The headline is deliberately provocative but if this 2010 paper is not falsifiable there are going to be some feathers ruffled by the facts rather than the headline.
From EconoSpeak:
Something unusal happened yesterday in my weekly department macroeconomics seminar at James Madison University.  Someone had us discuss a paper that changed the minds of pretty much everybody in the room who did not already agree with the paper, which includes a highly diverse group ranging from Austrian, Old Monetarist, New Classical, New Keynesian, Old Keynesian, Post Keynesian, and some generally eclectic pragmatists.  The paper is from the Fed Bd of Govs in 2010, by Seth Carpenter and Selva Demiralp, still unpublished as near as I can tell, and is entitled, "Money, Reserves, and the Transmission of Monetary Policy: Does the Money Multiplier Exist?"  Their answer is not only "no," which I at least have thought was true since 2007 or so, but that the answer has been  "no" probably since the mid-1980s and certainly since the mid-1990s.  It is available at http://www.federalreserve.gov/pubs/feds/2010/201041/201041pap.pdf .
(the folks at the Fed's Research and Stats Division call their paper "Money, Reserves, and the Transmission of Monetary Policy: Does the Money Multiplier Exist?")

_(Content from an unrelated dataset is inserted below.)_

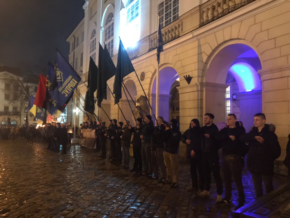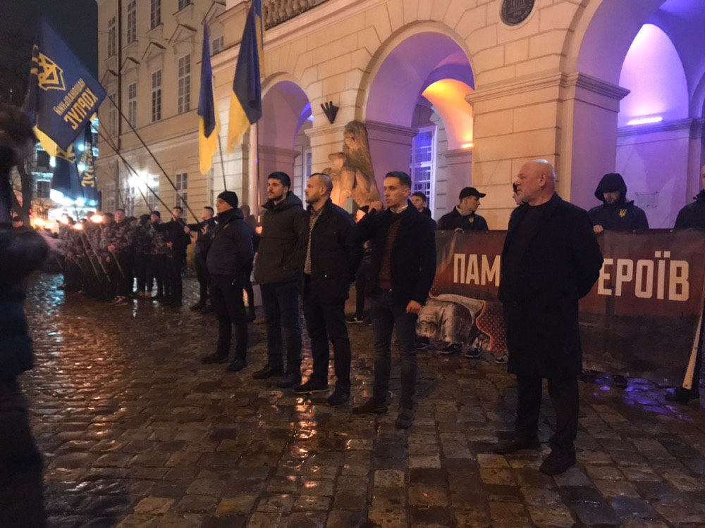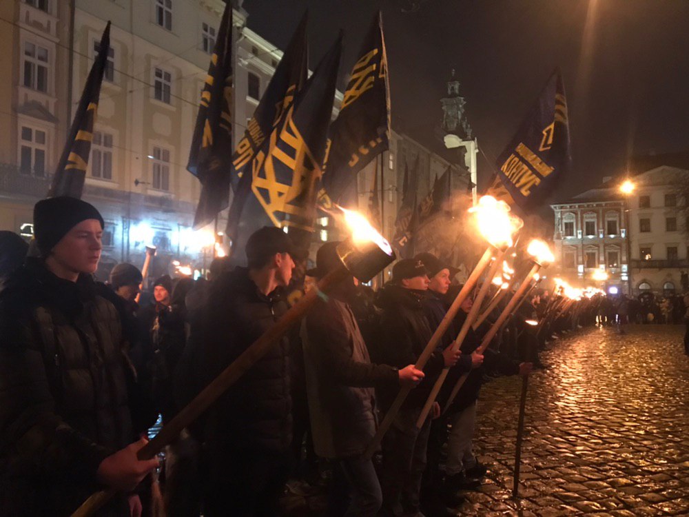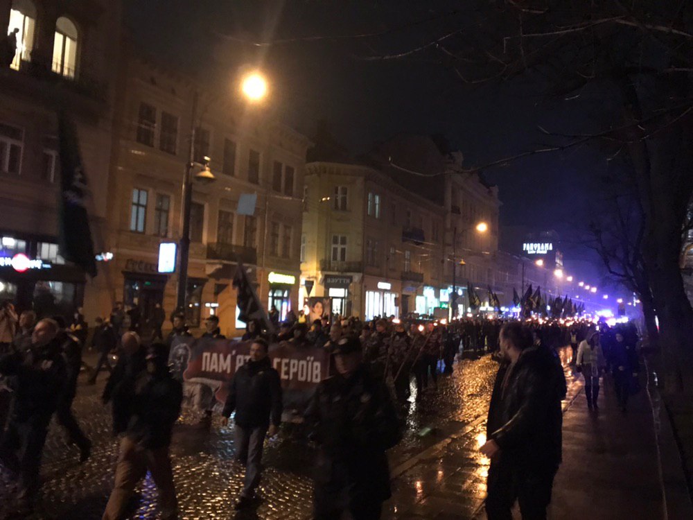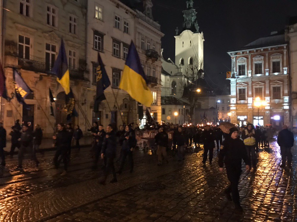 Націоналісти пройшли зі смолоскипами масштабним маршем від пам’ятника Степанові Бандері до площі Ринок. Учасники маршу нагадали українцям про величну постать українського визвольного руху, Героя України Романа Шухевича. Наприкінці заходу активісти Нацкорпусу зачитали Молитву Українського Націоналіста.
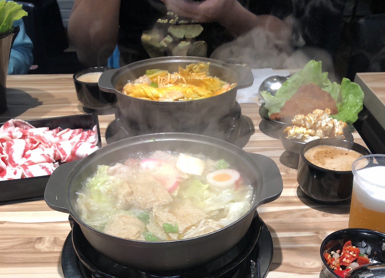 上菜流程怪怪的,可能因為人多的關係亂了,當天碰到先上肉盤,肉上了快十分鐘才上鍋。食材算是吃起來還不錯;肉盤量可以自選,5, 10或15oz,建議和另一半去的話可以各點10oz即可,除非兩人對食量都有信心。

The story can be seen pretty much in figures and charts in the back.  Prior to 1984, there was a clear correlation between reserves, loans, and M2.  After then, while loans and M2 continued to go along in a pretty close lockstep, reserves simply have flopped around all over the place.  This seems to have coincided with various things: a definite move to targeting interest rates and apparently following a Taylor rule (although not more recently on the latter), the change in Regulation Q, globalization, a broadening of sources of funds for banks, and particularly more interbank lending and lessening of reliance on reserves and the Fed's reserve base.  Apparently up to the mid-90s, small umdercapitalized banks still were tied to reserves in their lending, but after then that broke down too, with their appearing to be a shift to relying more on large deposits, mostly from other banks and also the shadow banking system....MORE 
There aren't many citations of the paper:
Changes in central bank procedures during the subprime crisis and their repercussions on monetary theory 

IS THERE A STOCK MARKET CHANNEL FOR BANK LENDING IN THE EURO AREA?

The St. Louis Fed's RePEc has a few more.

At the time the paper started to circulate Pragmatic Capitalism had some extended quotes from MMT'er Warren Mosler that begins:
Did Hell freeze over and I missed it??
While Steve Keen caught up to it in October 2012.